Het verloop van de procedure blijkt uit:
- het tussenvonnis van 16 oktober 2024 en de daarin opgenomen processtukken (hierna: het tussenvonnis);
- de plaatsopneming en de mondelinge behandeling van 10 december 2024 en het daarvan opgemaakte proces-verbaal (hierna: het proces-verbaal);
- de brief van 31 december 2024 van [gedaagde] met opmerkingen op het proces-verbaal.
1.2.
Ten slotte is vonnis bepaald.

2.De verdere beoordeling in conventie en in voorwaardelijke reconventie

2.1.
De rechtbank blijft bij wat in het tussenvonnis is overwogen en beoordeelt de zaak verder als volgt.
2.2.
Partijen zijn eigenaars van aan elkaar grenzende percelen. [eiser] is eigenaar van de kadastrale percelen aan de [adres 1] in [plaats] . De percelen van [eiser] zijn kadastraal bekend als
[plaats] [nummer]en
[plaats]. [gedaagde] is eigenaar van het perceel aan de [adres 2] , kadastraal bekend als
[plaats] [nummer]. De huidige kadastrale situatie ter plaatse volgt uit de volgende kaart die door [eiser] is als productie 35b is overgelegd (de markeringen zijn door [eiser] aangebracht). Ter verduidelijking heeft de rechtbank het lettertype van de kadastrale aanduiding vergroot:
Afbeelding verwijderd i.v.m. herleidbaarheid.
2.3.
De rechtbank zal eerst de vordering van [eiser] beoordelen die te maken heeft met het eigendom van een stuk grond op het huidige kadastrale perceel van [gedaagde] . Op de tekening uit r.o. 2.2. heeft [eiser] dat stuk grond rood (gestreept) en geel gekleurd. Die vordering wordt gedeeltelijk toegewezen. Daarna zal de rechtbank de vorderingen van [eiser] beoordelen die te maken hebben met een recht van erfdienstbaarheid op een ander stuk grond op het kadastrale perceel van [gedaagde] . Die vorderingen worden afgewezen.
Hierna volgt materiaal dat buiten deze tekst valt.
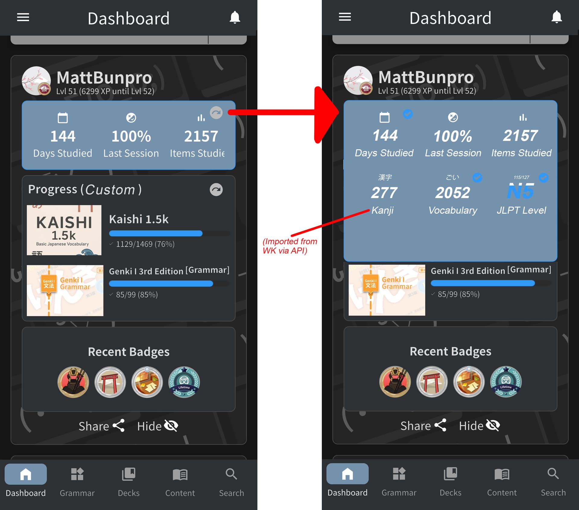 Suggestion: Make the “Learn” box on the dashboard also reflect grammar and vocab that wasn’t learned via clicking the “Learn” box.
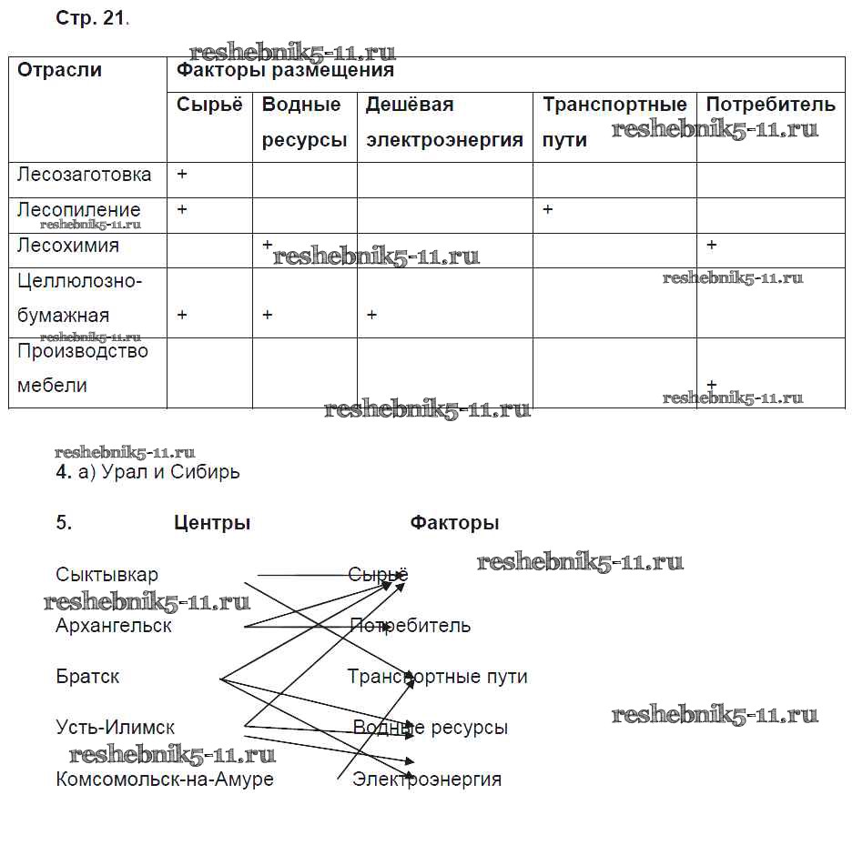 Готовая домашняя работа с ответами по Географии за 9 класс Баринова, Дронов Рабочая тетрадь Вертикаль Дрофа 2016 ФГОС - Страницы 21
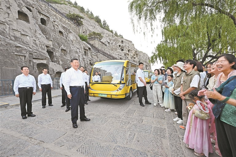 已有1500多年历史的龙门石窟,是重要的世界文化遗产。习近平来到这里,察看石窟整体布局风貌和代表性窟龛、造像,同现场的文物保护工作者亲切交流。他强调,要把这些中华文化瑰宝保护好、传承好、传播好。游客们见到总书记,都十分欣喜,纷纷向总书记问好。习近平不时同大家交流,特别鼓励小朋友们多到实地寻溯中华文化,从小树立文化自信。他指出,文旅融合前景广阔,要推动文旅产业高质量发展,真正打造成为支柱产业、民生产业、幸福产业。
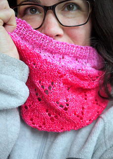 Daphne is a light cowl with a simple lace pattern. A gradient yarn with gradual color changes makes this a fun and eye-catching knit.
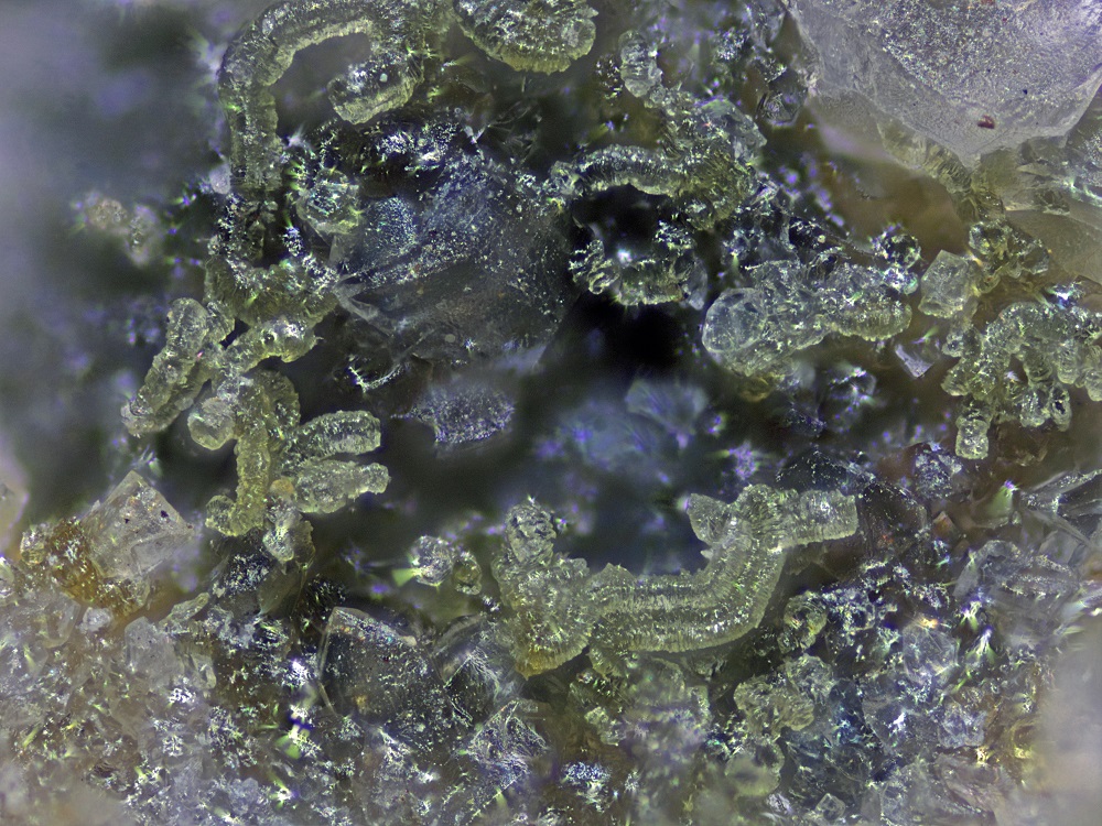 Species: CHLORITE Group (Vermiform – worms) Locality: Audley Quarry, Merrimack, NH Specimen Size: 1.3 mm field of view. Field Collected: Tom Mortimer Catalog No.: u2054 Notes: |

[eiser] is deels eigenaar geworden van een stuk grond op het perceel van [gedaagde]
2.4.
Zoals in het tussenvonnis al is overwogen, kan eigendom worden verkregen via verkrijgende verjaring (artikel 3:99 van het Burgerlijk Wetboek, hierna: BW) na een termijn van 10 jaar of via bevrijdende verjaring (artikel 3:105 en 3:306 BW) na een termijn van 20 jaar. Voor beide vormen van verjaring is bezit van het stuk grond door [eiser] vereist. Bezit betekent het houden voor zichzelf (artikel 3:107 lid 1 BW). Of iemand het stuk grond voor zichzelf of voor een ander houdt, wordt beoordeeld naar verkeersopvatting met inachtneming van de wettelijke regels en overigens op grond van uiterlijke feiten (artikel 3:108 BW). Aan bezit van een niet-rechthebbende gaat inbezitneming vooraf. In dat geval zijn enkele op zichzelf staande machtsuitoefeningen onvoldoende (artikel 3:113 lid 2 BW). Vereist is dat de machtsuitoefening zodanig is dat naar verkeersopvatting het bezit van de oorspronkelijke bezitter wordt tenietgedaan (zie ECLI:NL:HR:2017:309, r.o. 3.3.3).
2.5.
De eigendomsvordering van [eiser] ziet op twee gedeelten van het kadastrale perceel van [gedaagde] . Het ene gedeelte ziet op een strook grond waar onder meer de huurders van [eiser] (voor een gedeelte) hun auto’s parkeren (hierna: de strook grond). De strook grond is op de tekening uit r.o. 2.2. door [eiser] rood (gestreept) gekleurd. Het andere gedeelte van de eigendomsvordering ziet op een stuk grond dat door de huurders van [eiser] gebruikt wordt als tuin (hierna: de tuin). De tuin is op de tekening uit r.o. 2.2. door [eiser] geel gekleurd.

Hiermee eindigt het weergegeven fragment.